Henry V by William Shakespeare
The day started with trepidation. A hippo teenager on the dreadful Facebook had received messages from some of her more hot headed friends that talked of “smashing heads” and “rushing” the English Defence League when they held their legal demonstration on Leicester Street. Plans for a family day out at the counter demonstration in Gallery Square were hastily revised and I left the house alone with only the tantalising aroma of sizzling bacon and freshly baked bread rolls for company. Walsall was getting on with Saturday and the police were getting on with locking down the town. Taxi drivers had decided to take the day off and buses had been diverted. The police settled on the town like a goose feather duvet.
Passing Leicester Street, about 20 or 30 morons were milling about outside the local hostelries; not the usual morons though. These embarrassing examples of English manhood had accents that would challenge the craft of Shakespeare and were definitely not indigenous to the southern suburb of Brownhills. Leaving them to the care and attention of the local constabulary, a completely different atmosphere pervaded the counter demonstration in Gallery Square. Friends, neighbours and even the slightest of acquaintances greeted each other with smiles and handshakes and it was impossible not to have a little bop to Pressure Drop by Toots and the Maytals being played on the sound system. Flags, banners and good nature proclaimed our unity against the real threat of fascist aggression.

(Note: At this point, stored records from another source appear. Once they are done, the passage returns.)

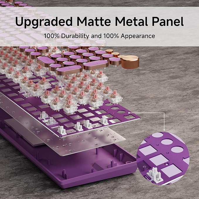 - 【Metal Panel and Electroplated Punk Keycaps】:The typewriter gaming keyboard panel is made of top-grade aluminium alloy, with a metallic matte texture, sturdy and robust enough to protect it from scratch. The floating keycaps are carefully crafted using metal plating technology, with a unique monochromatic light that instantly makes your keyboard look stunning, and enhances the feeling of the wired backlit keyboard.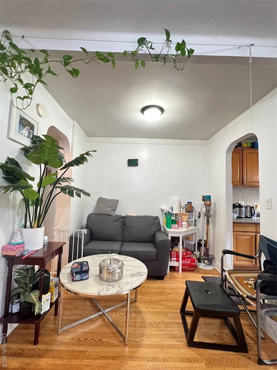 - Living room featuring arched walkways, light wood-type flooring, and ornamental molding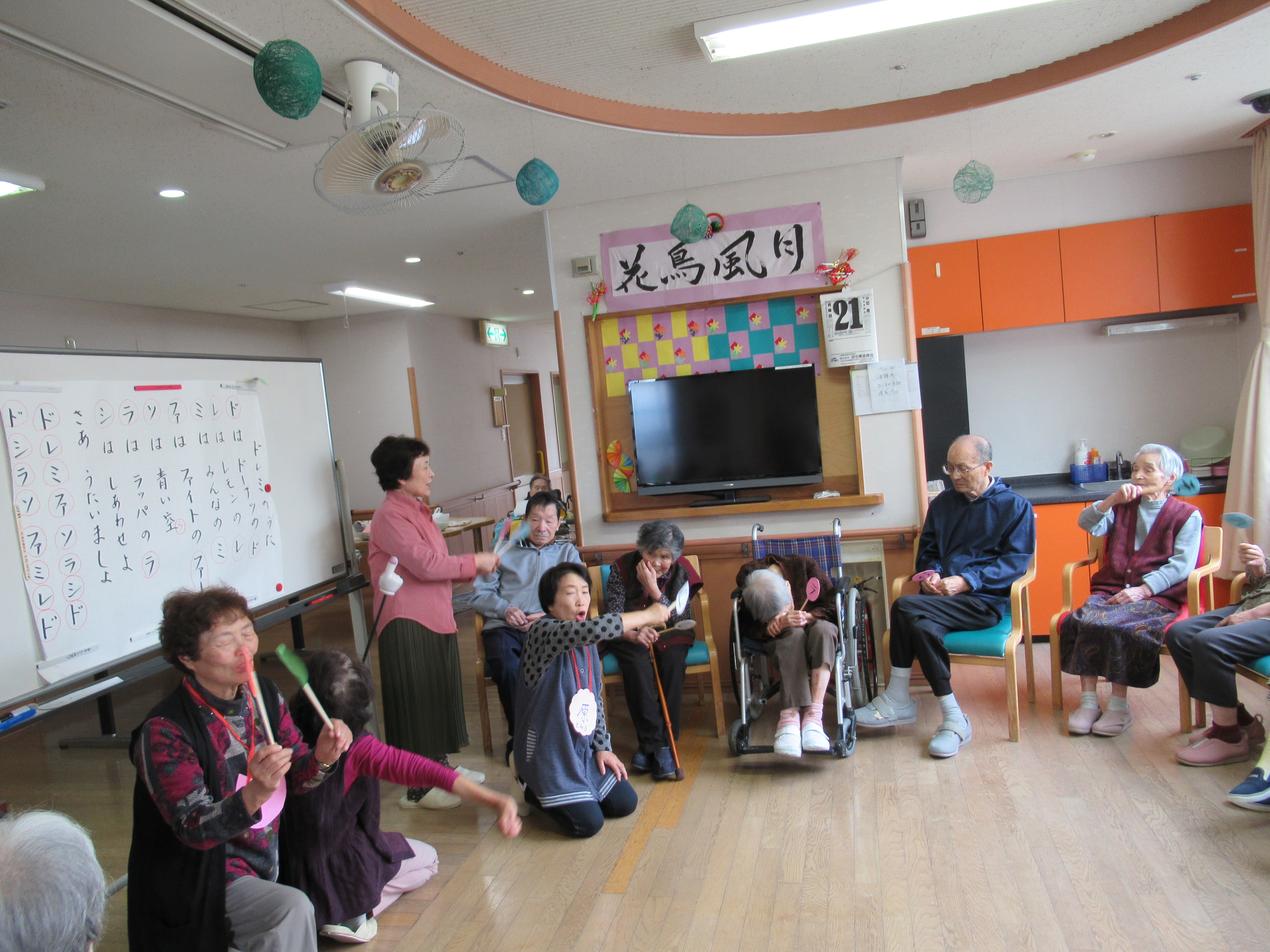 『ドレミの歌』では一人ずつ「ド」「レ」「ミ」…の札を持って自分の音が出てきたら上に出すというものをしました。皆さんの一体感があり、大変盛り上がりました。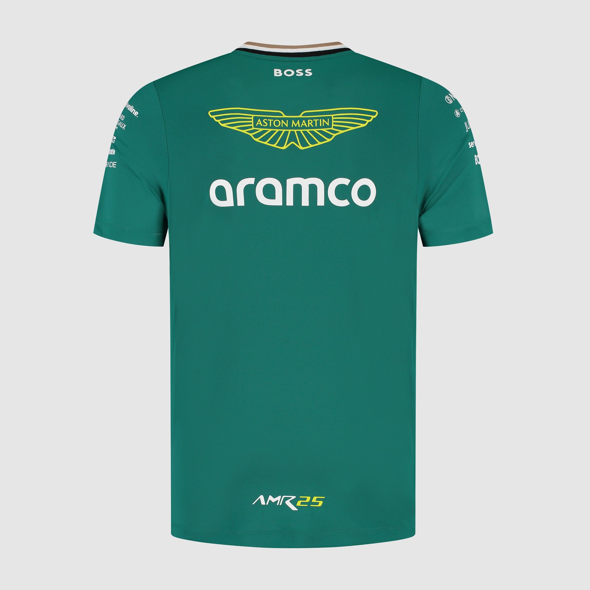 Aston Martin F1 Team Tee. The classic T-Shirt is back with a new design. Hugo Boss stripe details, team and partner logos and finished in polyester and elastine for extra stretch and comfort.
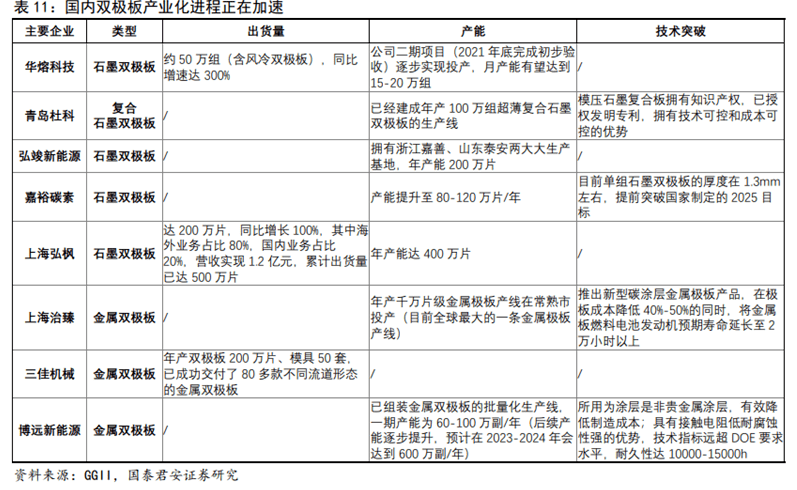 國內產業(yè)化進程正在加速:據(jù)GGII統(tǒng)計,2021年期間,國內主流雙極板企業(yè)出貨量增長顯著,金屬雙極板領域已出現(xiàn)單個企業(yè)單個客戶出貨達百萬片級別的現(xiàn)象;石墨板市場各家出貨也均有較大增長,表現(xiàn)明顯的是原萬片級出貨企業(yè)的出貨量級達到10萬片以上,頭部企業(yè)的出貨更是達到了50萬片/年以上。

The excellent Linda Mason and equally essential Aiden McHaffie have posted their experience of the day regarding the goings on as they attempted to vacate the town centre. They, along with most of the rest of us in Gallery Square, became quite rightly concerned at the arrival of a large group of local, masked and chanting young men. Members of the community, stewards and the police worked hard to defuse the tension but it was clear that these young men were very angry. It might be easy to dismiss the undercurrent of rage as merely the holy anger of youth, but when the hateful language of the EDL is considered, these young Walsall men realise that at some point it might become necessary to fight to preserve not just their own culture and identity, but also fight for the future of a free, tolerant and open society.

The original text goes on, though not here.